PROBLEM TO SOLVE
Extract the full listing verbatim and drop any pictures from your copy.

DATA BELOW
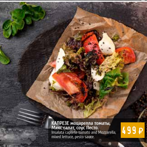
КАПРЕЗЕ моцарелла томаты, Микс салат, соус Песто. Insalata caprese tomato and Mozzarella, mixed lettuce, pesto sauce.
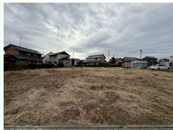
中央小学校まで徒歩6分の立地です☆
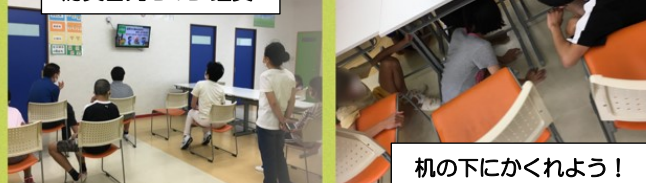
机の下にかくれよう!

RESPONSE BOX
КАПРЕЗЕ моцарелла томаты, Микс салат, соус Песто. Insalata caprese tomato and Mozzarella, mixed lettuce, pesto sauce.
中央小学校まで徒歩6分の立地です☆
机の下にかくれよう!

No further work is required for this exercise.